§ **DATASET EXCERPT**:
▬▬▬▬▬▬

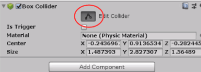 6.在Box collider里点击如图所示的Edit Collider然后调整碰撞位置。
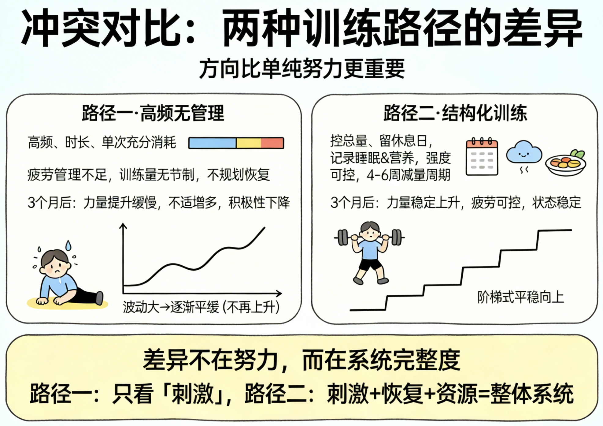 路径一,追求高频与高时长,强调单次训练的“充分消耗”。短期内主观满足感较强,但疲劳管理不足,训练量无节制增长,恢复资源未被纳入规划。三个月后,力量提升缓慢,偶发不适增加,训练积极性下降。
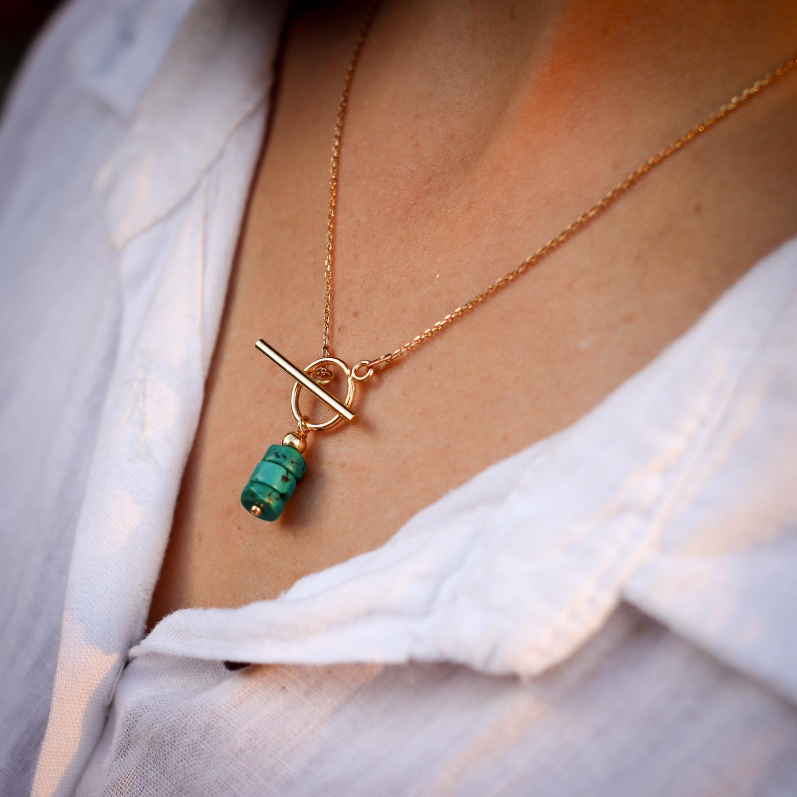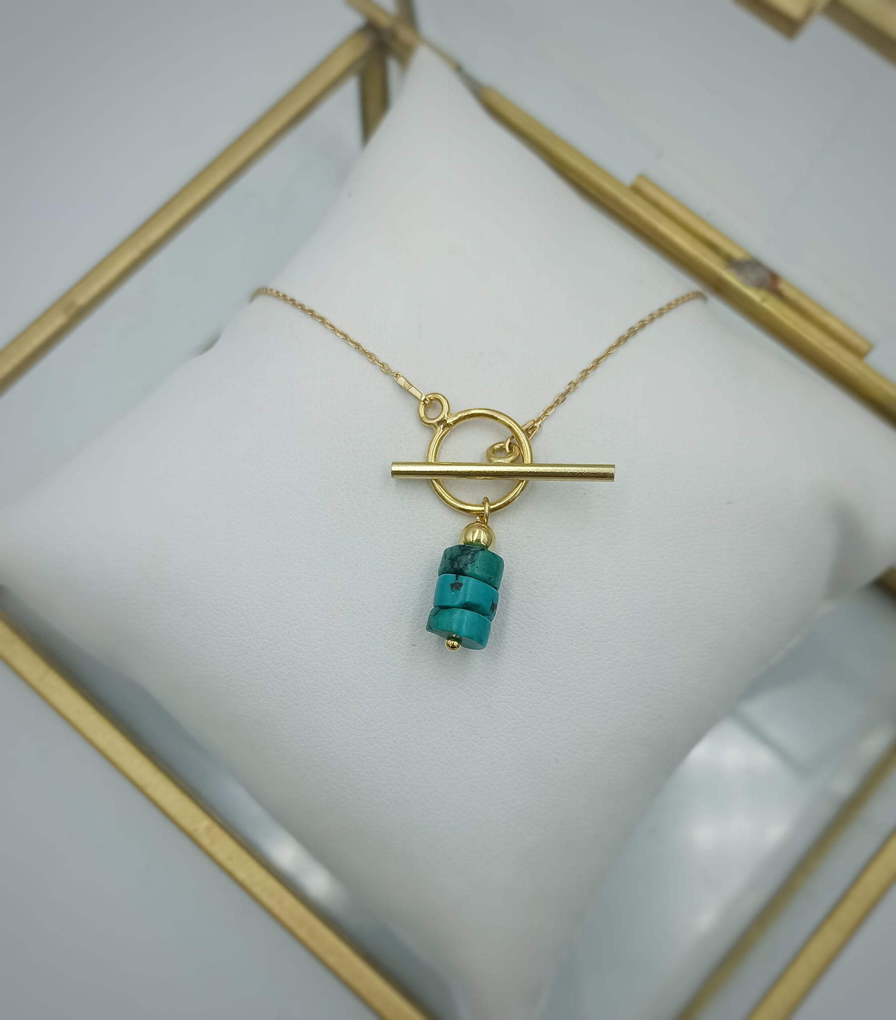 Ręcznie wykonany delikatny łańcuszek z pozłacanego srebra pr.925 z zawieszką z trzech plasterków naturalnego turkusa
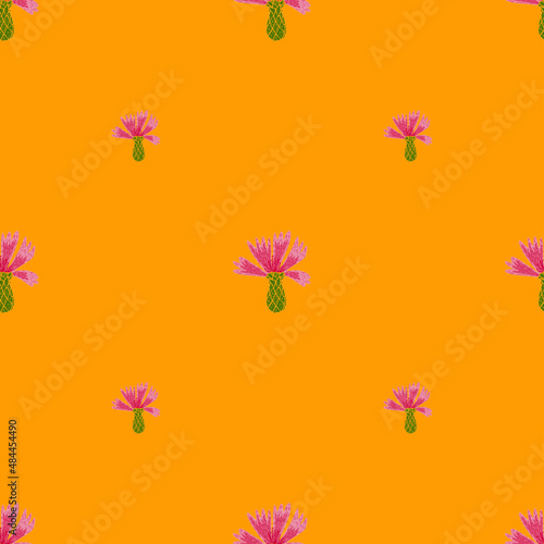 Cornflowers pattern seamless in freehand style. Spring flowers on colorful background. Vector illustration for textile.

▬▬▬▬▬▬

§ **WHAT IS NEEDED**: Where the line containing "Ręcznie wykonany delikatny" appears, begin writing out the lines exactly, and continue through the end of the material above, omitting pictures.

§ **COMPLETED EXERCISE**:
 Ręcznie wykonany delikatny łańcuszek z pozłacanego srebra pr.925 z zawieszką z trzech plasterków naturalnego turkusa
 Cornflowers pattern seamless in freehand style. Spring flowers on colorful background. Vector illustration for textile.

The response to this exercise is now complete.